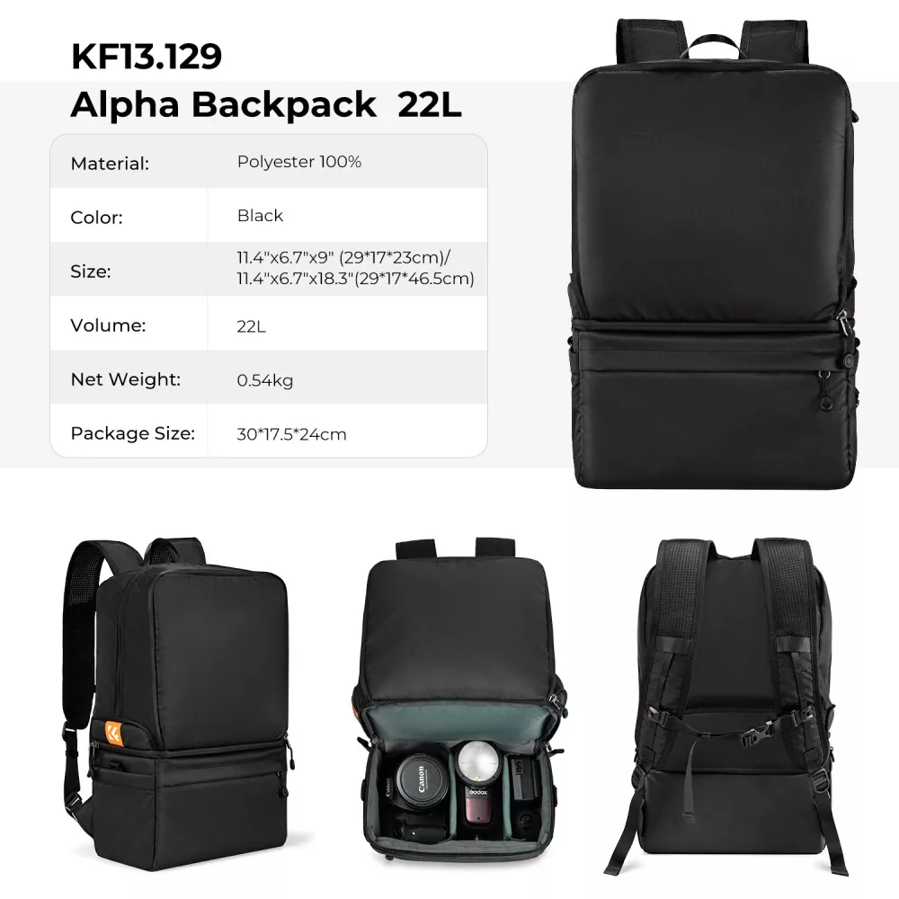 K&F Concept Collapsible Backpack 22L, fotós hátizsák, oldaltáskáva csukható, fekete (KF-13-129)
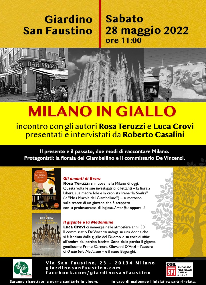 Vi invitiamo a un nuovo appuntamento con i libri nel Giardino San Faustino. Questa volta il tema riguarda un genere molto amato dai lettori: il romanzo “giallo”. Roberto Casalini condurrà l’incontro con Rosa Teruzzi e Luca Crovi, due dei non pochi autori che hanno scelto Milano come sfondo e fonte di ispirazione per intriganti vicende.
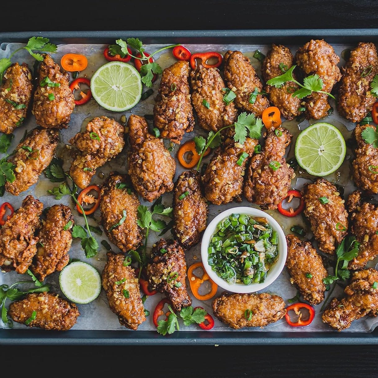• Everything But The Fried Chicken Seasoning: Garlic, Salt, Black Pepper, Sugar, Mustard Powder, White Pepper, Thyme, Sage, Celery, Basil, Chili Pepper, Ginger, Wasabi Powder, Honey, Rosemary.
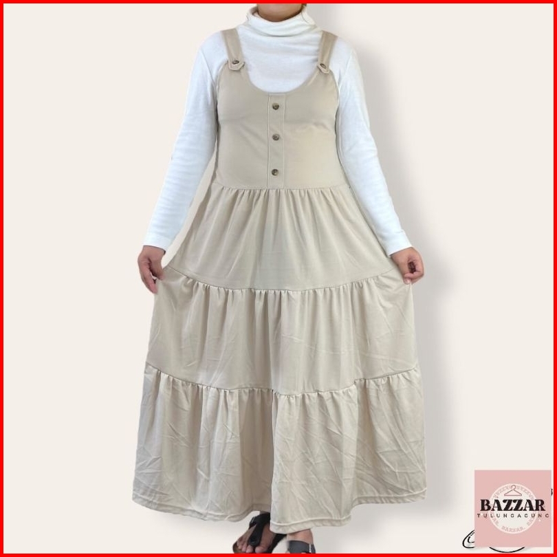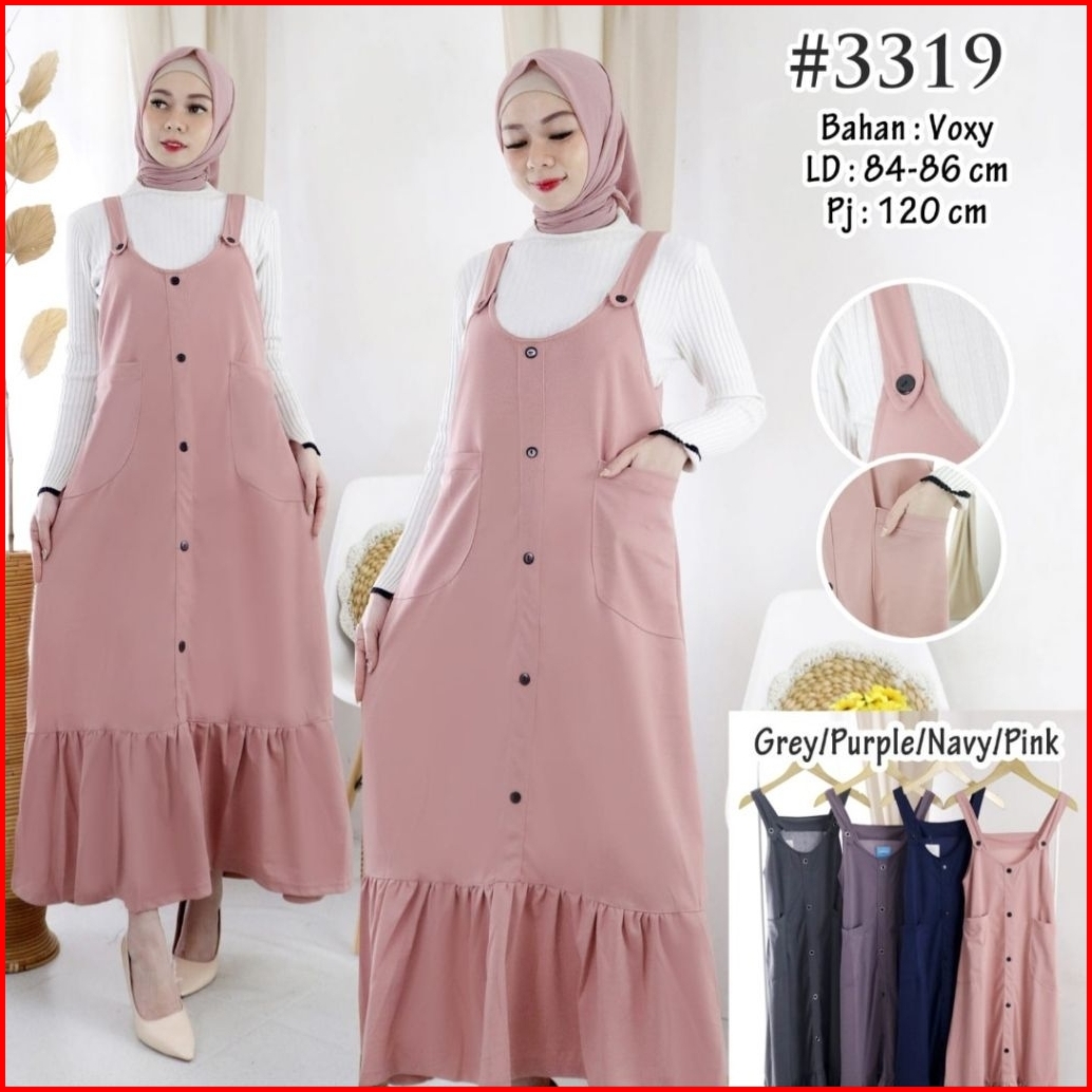 Overall Dress Wanita Rok Panjang Rempel Bawah Overall Saku Murah Kekinian Overall Muslim Wanita
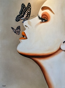 2020Miss Chica ui de Miss reeks, half vrouw half dier acrylverf op MDF paneel 80x60cm inclusief beige houten baklijst

Goal of the exercise: Copy the whole of the material above exactly, but not its images.

Answer below:
 K&F Concept Collapsible Backpack 22L, fotós hátizsák, oldaltáskáva csukható, fekete (KF-13-129)
 Vi invitiamo a un nuovo appuntamento con i libri nel Giardino San Faustino. Questa volta il tema riguarda un genere molto amato dai lettori: il romanzo “giallo”. Roberto Casalini condurrà l’incontro con Rosa Teruzzi e Luca Crovi, due dei non pochi autori che hanno scelto Milano come sfondo e fonte di ispirazione per intriganti vicende.
• Everything But The Fried Chicken Seasoning: Garlic, Salt, Black Pepper, Sugar, Mustard Powder, White Pepper, Thyme, Sage, Celery, Basil, Chili Pepper, Ginger, Wasabi Powder, Honey, Rosemary.
 Overall Dress Wanita Rok Panjang Rempel Bawah Overall Saku Murah Kekinian Overall Muslim Wanita
 2020Miss Chica ui de Miss reeks, half vrouw half dier acrylverf op MDF paneel 80x60cm inclusief beige houten baklijst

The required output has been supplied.